Movies

The Women in ‘Petta’ Deserve Much More!!

So why can’t we still have better written roles for our women?

A few months ago, when filmmaker Mani Ratnam’s multi-starrer Chekka Chivantha Vaanam was released, fans were blown away by the fact that there were guns blazing and unpredictable twists taking them by surprise. However, despite the film’s sleekness and plot, women had little to do or add in the film. The female characters were forced to take a backseat, either killed, imprisoned or simply languish in quiet silence. In other words, their characters underwent ‘fridging’.

This applies to the fate of many of the female characters in the recently released Petta, starring superstar Rajinikanth, Vijay Sethupathi, Nawazuddin Siddiqui, et al. While the film was entertaining in its own way, it still wouldn’t have hurt to have women cast in roles that had something to offer. Especially considering how director Karthik Subbaraj a few years ago made Iraivi, a film that focused on empowering women.

Fridging is a term originating from the comic Green Lantern. The character’s girlfriend is killed and stuffed into a refrigerator by the villain, thus used as a plot device. Over the years, cultural critics use this term to examine why the plot device has been disproportionately associated with female characters. In other words, if an actress’ role in the film revolves around the hero where she is disposed off easily, it basically means that she’s been fridged.

This happens to Simran’s Mangalam in Petta. Her role is that of being Megha Akash’s mother, a praanic healer. But she is only introduced as Kaali’s love interest, and that too for a few scenes in the first half. The second half is just a picture of her on Kaali’s phone when she calls. Simran, someone who has worked in a number of films that have heavily relied on performance and characterisation, is reduced to a role that has nothing going. It’s not just unfair to her, considering her past performance, but it’s mighty unfair to the storyline to project it as a testosterone-filled masala padam when her role could’ve been used instrumentally to give Kaali a new lease of life.

Similarly, Trisha Krishnan, who plays the role of Saro, Kaali’s wife from the past, is in a cameo that’s more forgettable than lasting. While it might be a big deal for her acting alongside the superstar for the first time, it’s discerning to see her try everything to make her role work despite being given very little to work on. The entire first-look posters of her character in the past few months were ridiculously misleading considering her role was so minuscule that it could’ve been played by anybody. Even Trisha’s star power does not save the so-called role given to her, where all she had to do was lovingly look at Kaali or scream ‘yo!’ during an ensuing fight.

Malavika Mohanan, who has been a part of big projects including Beyond The Clouds, walks away with a better deal, a better role with more depth when compared to the other women’s roles.

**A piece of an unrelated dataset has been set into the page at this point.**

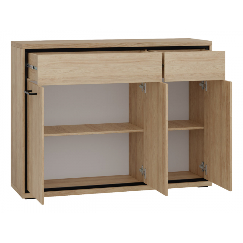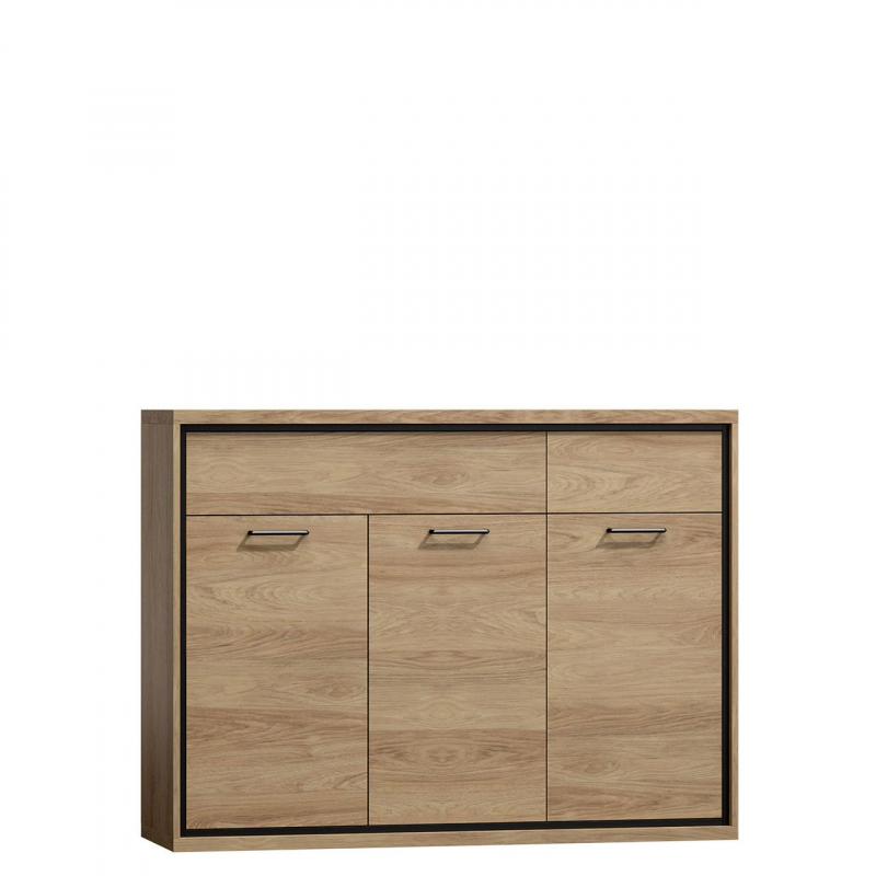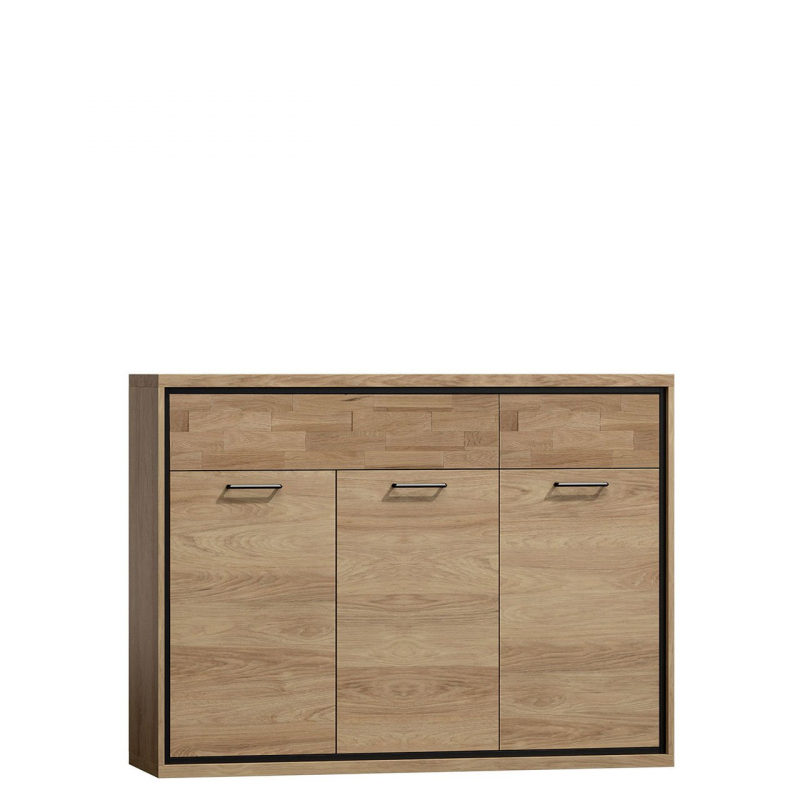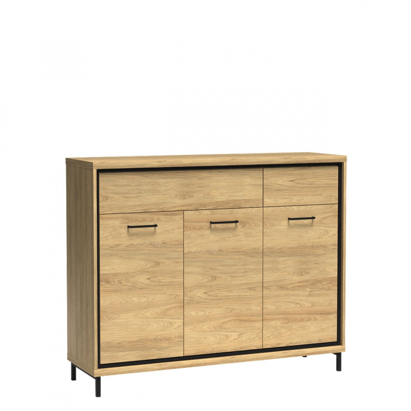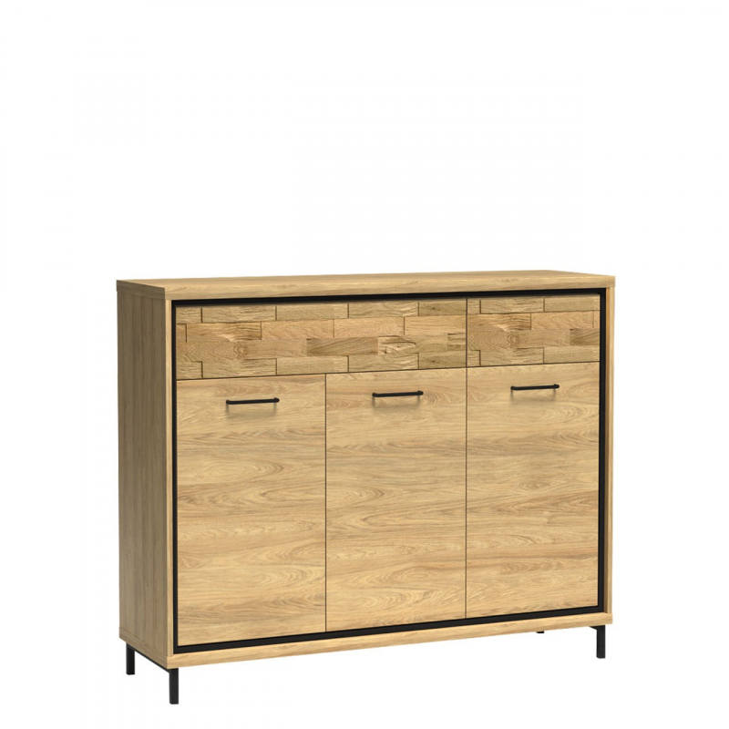 Spodní část komody nabízí skříňky s policemi. Jejich dekorativním prvkem jsou černé kovové úchyty, které dokonale ladí se stylem nábytku.

As Poonkudi, her character goes through various layers. One of languish, one of love, one of tragedy, and one of fear. It’s a role that is relatively better etched out but it still falls short of being substantial in the grand scheme of things.

Megha Aakash, who plays Simran’s daughter, is in a fairly forgettable role considering her character isn’t further explored beyond her love angle with actor Sanath Reddy’s Anwar. She, much like the other women in the film, is a mere addition to the male character’s story. A chapter, if you will.

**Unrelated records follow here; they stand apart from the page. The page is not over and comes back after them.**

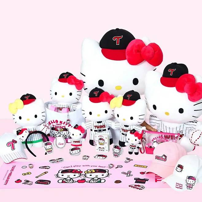 협업 장인 헬로키티, 이번엔 LG트윈스랑 붙었다. 트윈스라는 이름에 걸맞게 헬로키티와 동생 헬로미미가 나란히 등장했다. 쌍둥이 콘셉트로 유니폼, 모자, 봉제 인형까지 무려 70여 종의 굿즈가 있다. 판매는 지난 16일부터 LG트윈스 공식몰 ‘콜렙샵’(https://twinscorestore.co.kr/)에서 시작됐는데, 아쉽게도 지금쯤이면 인기 상품은 거의 다 품절되지 않았을까. 남아 있다면 그건 운명.
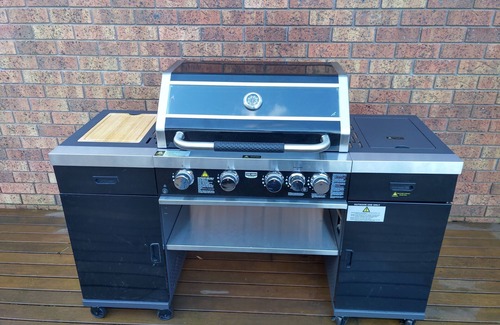 Outside there is an enormous sunny deck with an outdoor dining setting for ten people and a five burner BBQ that is plumbed into natural gas - you never have to change gas bottles!
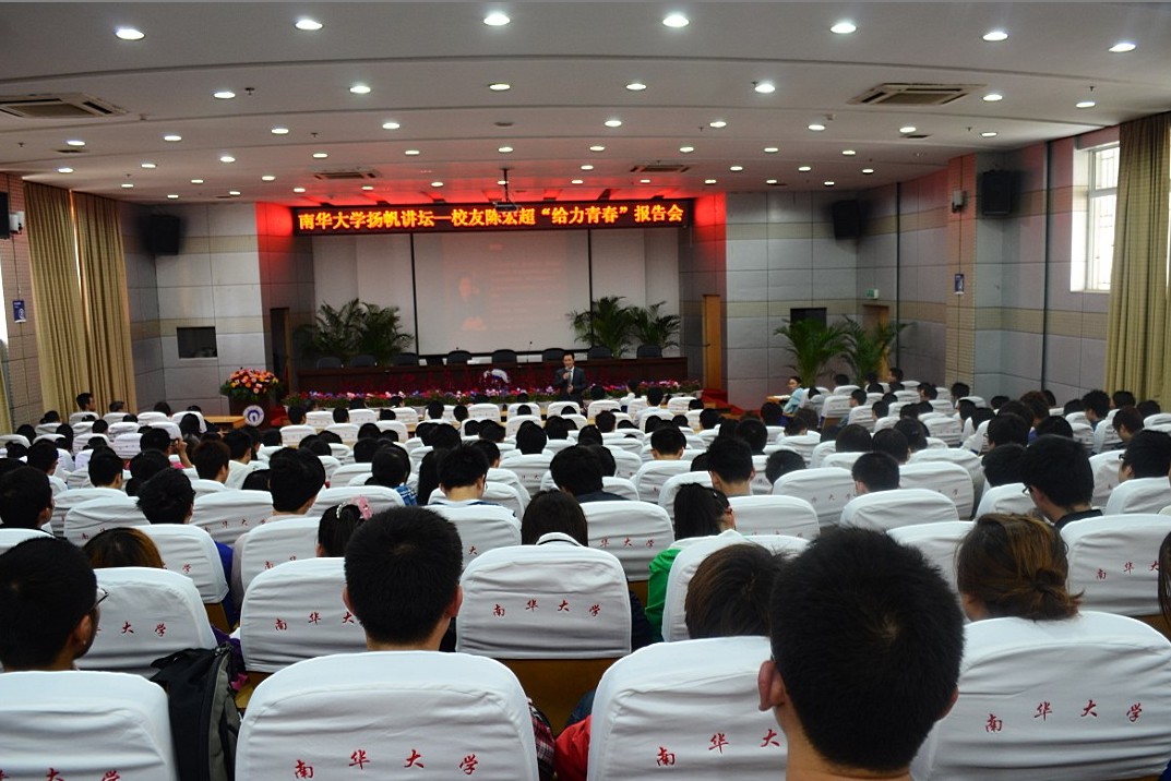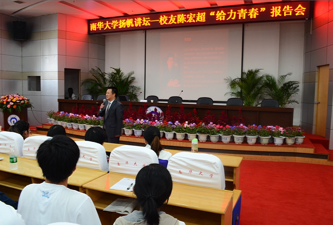 11月3日,英国上市公司365团委组织举办了“英国上市公司365扬帆讲——校友陈宏超‘给力青春’报告会”,邀请到英国上市公司365优秀校友、菁英时代投资管理集团董事长、北京大学经济学硕士,清华大学EMBA陈宏超校友为南华学子作了一场“给力青春”扬帆讲坛报告会。莅临本次报告会的嘉宾有:西华大学管理学院党委书记芮光正、校团委书记谢四平、学校经管学院副院长、MBA院院长刘春教授、经管学院党委副书记廖迎春等,各学院学生代表听取了报告。报告会由校团委副书记谢铷鸿主持。

Lest we forget, each of these actresses have played the lead in cinema before. But going by what Tamil cinema often resorts to, wherein the male perspective is heightened while the female perspective is nothing but a story arc, it’ll be a long time till we have more substantial roles carefully etched out solely for the female characters. If 2018 was anything to go by, women in the lead of a film stood out and even created box office hits. So why can’t we still have better written roles for our women?